▶ [TASK DESCRIPTION] Exactly as written, return all the data, leaving its pictures behind.

▶ [RECORDS FOR THIS TASK]

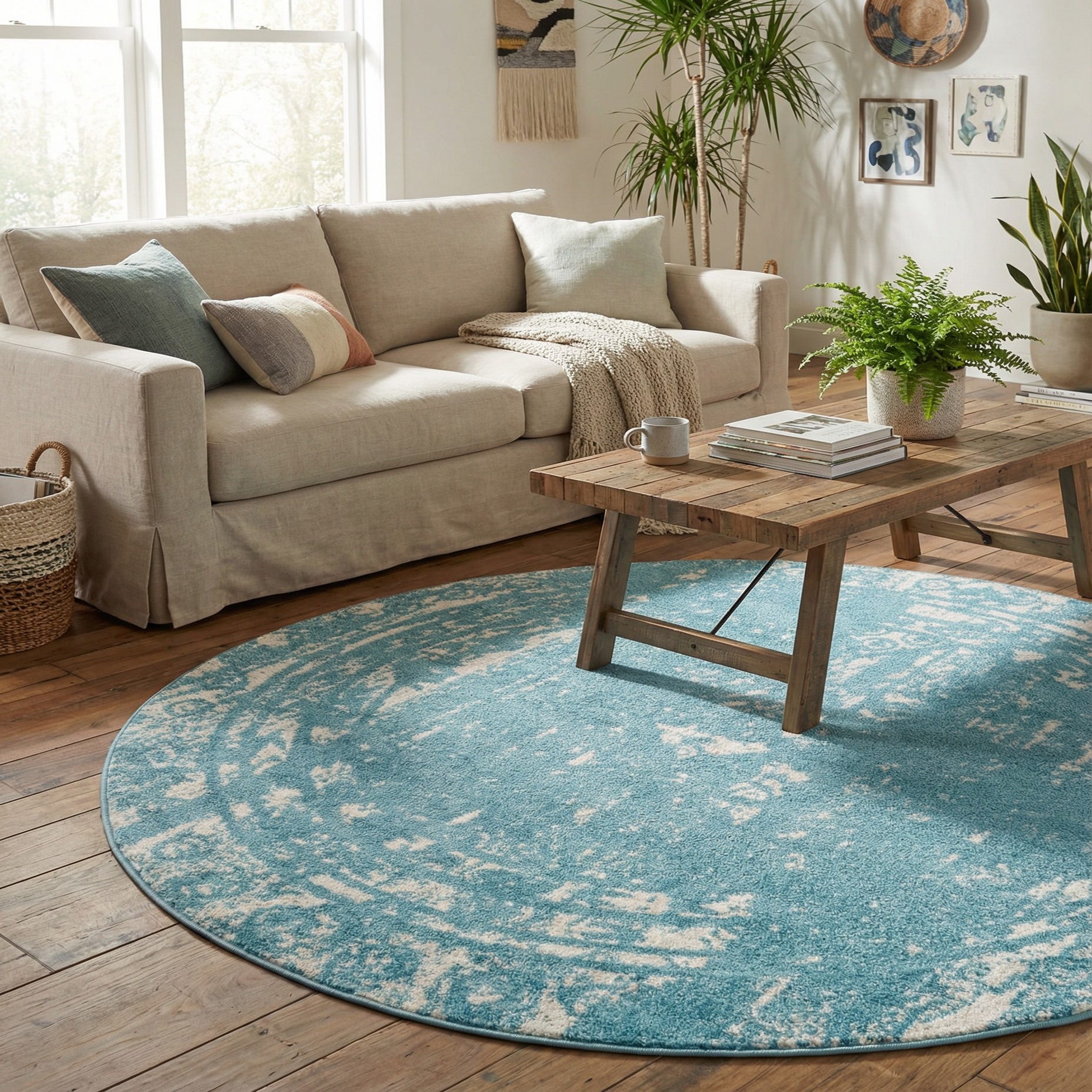 Primary color is Light Blue. Colors in this rug include: Light Blue, Ivory.
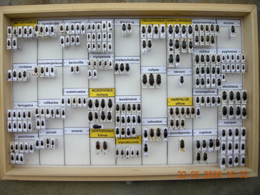 Anch'io mi sono trovata nella tua situazione, solo che non era la mia collezione! Son d'accordo con Daniele (a proposito ...saluti!) e ti do solo i suggerimenti che mi hanno dato diversi esperti. Se devi ordinare degli esemplari, per esempio di Carabidi, puoi o seguire l'ordine alfabetico di generi e specie oppure l'ordine evoluzionistico. Se segui la seconda strada puoi prendere come modello (io ho fatto così) la "Checklist della fauna d'Italia” anche se per la nomenclatura delle specie è meglio seguire la "Fauna europea" di internet. Ho visto che la disposizione degli esemplari nelle varie foto è in senso orizzontale. Nella collezione che curo, invece, sono disposti in senso verticale (se ti interessa ti posso spedire una foto). Un’altra cosa (secondo me geniale) che mi è stata suggerita a suo tempo è la numerazione delle scatole già ordinate (non di magazzino): le scatole segnale in decine: es. Carabidae 10-20-30 ecc., così che quando devi inserire altri esemplari che secondo il tuo ordinamento stanno ad es. tra la scatola n°20 e n°30, usa una nuova scatola con il n° 21. in questo modo riduci la possibilità di fare dei vuoti all’interno di ogni singola scatola. In bocca al lupo
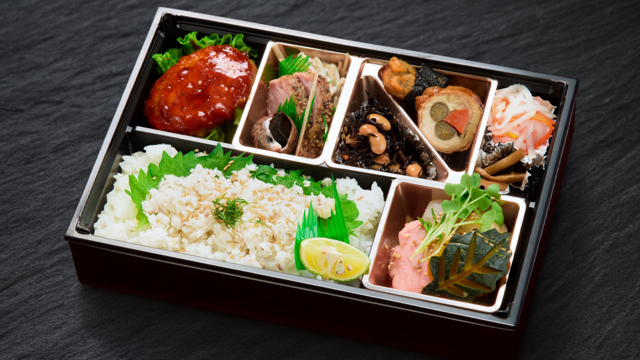 - 鯛の身をほぐして贅沢に盛り込み、食べ応えも十分豪華なお弁当です。
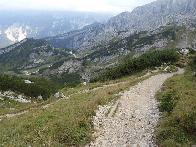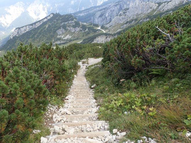 Richtung Hupfleitenjoch Das ging ziemlich steil bergab. Zumindest zum Laufen war es zu steil. |
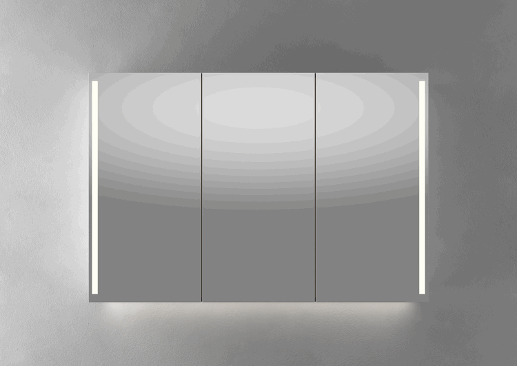 - Lys i dørene: Speilskapet har innebygd lys i dørene, som skaper et funksjonelt og stilrent inntrykk både når skapet er åpent og lukket. Lyset bidrar til å belyse både innvendig og utvendig, uten synlige ledninger.

▶ [OUTPUT FOR THIS TASK]
 Primary color is Light Blue. Colors in this rug include: Light Blue, Ivory.
 Anch'io mi sono trovata nella tua situazione, solo che non era la mia collezione! Son d'accordo con Daniele (a proposito ...saluti!) e ti do solo i suggerimenti che mi hanno dato diversi esperti. Se devi ordinare degli esemplari, per esempio di Carabidi, puoi o seguire l'ordine alfabetico di generi e specie oppure l'ordine evoluzionistico. Se segui la seconda strada puoi prendere come modello (io ho fatto così) la "Checklist della fauna d'Italia” anche se per la nomenclatura delle specie è meglio seguire la "Fauna europea" di internet. Ho visto che la disposizione degli esemplari nelle varie foto è in senso orizzontale. Nella collezione che curo, invece, sono disposti in senso verticale (se ti interessa ti posso spedire una foto). Un’altra cosa (secondo me geniale) che mi è stata suggerita a suo tempo è la numerazione delle scatole già ordinate (non di magazzino): le scatole segnale in decine: es. Carabidae 10-20-30 ecc., così che quando devi inserire altri esemplari che secondo il tuo ordinamento stanno ad es. tra la scatola n°20 e n°30, usa una nuova scatola con il n° 21. in questo modo riduci la possibilità di fare dei vuoti all’interno di ogni singola scatola. In bocca al lupo
 - 鯛の身をほぐして贅沢に盛り込み、食べ応えも十分豪華なお弁当です。
 Richtung Hupfleitenjoch Das ging ziemlich steil bergab. Zumindest zum Laufen war es zu steil. |
 - Lys i dørene: Speilskapet har innebygd lys i dørene, som skaper et funksjonelt og stilrent inntrykk både når skapet er åpent og lukket. Lyset bidrar til å belyse både innvendig og utvendig, uten synlige ledninger.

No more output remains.